米海軍横須賀基地でお仕事をしたいと思っている人達のためのサバイバルガイド。情報が古いということが玉に傷です。英語学習や異文化に関するエッセイも書いています。

減点方式の日本企業で働いていた時のことを書きます


どんなに完璧に仕事をこなしても

「あ、でもここが・・・・よく見るともっとこうできるよね」
「日付印の位置をもう1cm下にしてください」

などと何かしらいちゃもんをつけないと気が済まない人々のもとで働いていたことがあります。当時はこの「何かしら言わなくてはいけない」のが彼らの仕事だとわかっていても、なぜこの人達は人の心を折ったり見せしめのようなことばかりするのか不思議で仕方がありませんでした。

 

重箱の隅を楊枝でほじくるのが親会社の社員の仕事

私がベースで働きだす前の直近の職歴というのが、That's 日系企業!としか表現できない会社での事務職でした。

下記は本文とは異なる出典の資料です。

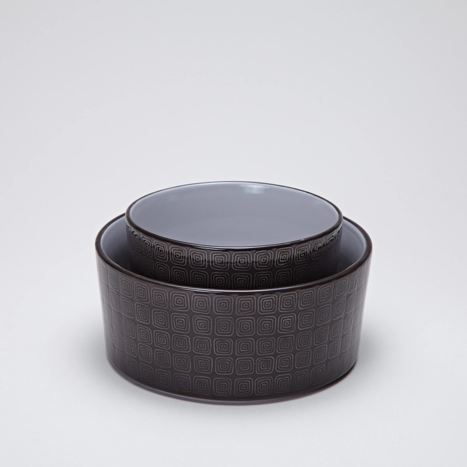 Ce bol rompt discrètement son design minimaliste avec un motif graphique gravé en surface. De couleur mocca à l’extérieur, il est gris bleuté à l’intérieur.

それこそ企業名を出すと半官半民みたいな企業だからぬるま湯で楽でしょう?と思われがちなのですが、とんでもありません。
確かにブラック企業とは程遠く、福利厚生はきちんとしていました。働いた分だけしっかりもらい、有給休暇もばっちりとれます。だけどそれはあたりまえであるべきであって、「だからこの企業は素晴らしい!」というつもりはありません。
この企業は減点方式でしか子会社のパフォーマンスを評価しないため、どんなにきちんと仕事をしても必ず何かしらダメだしをしてくるのです。ですから監査のたびに「今回の生贄は誰かな・・・・」と皆で言っていました。
処理が的確、迅速になされていても「よくやっているね」という前向きな評価は一切されることがなく、粗探しをして徹底的な減点方式で評価するのです。私達子会社の人間の気持ちを引き締めるための減点方式だと思いますが、それにしてもねちねちと姑のように・・・・。だけど彼らは何かしら見つけて減点をしなくてはいけません。なぜならそれが彼らの仕事だからです。「今月は素晴らしいじゃないですか!」と言って評価を終えたら彼らは仕事をしていないと思われてしまうのです。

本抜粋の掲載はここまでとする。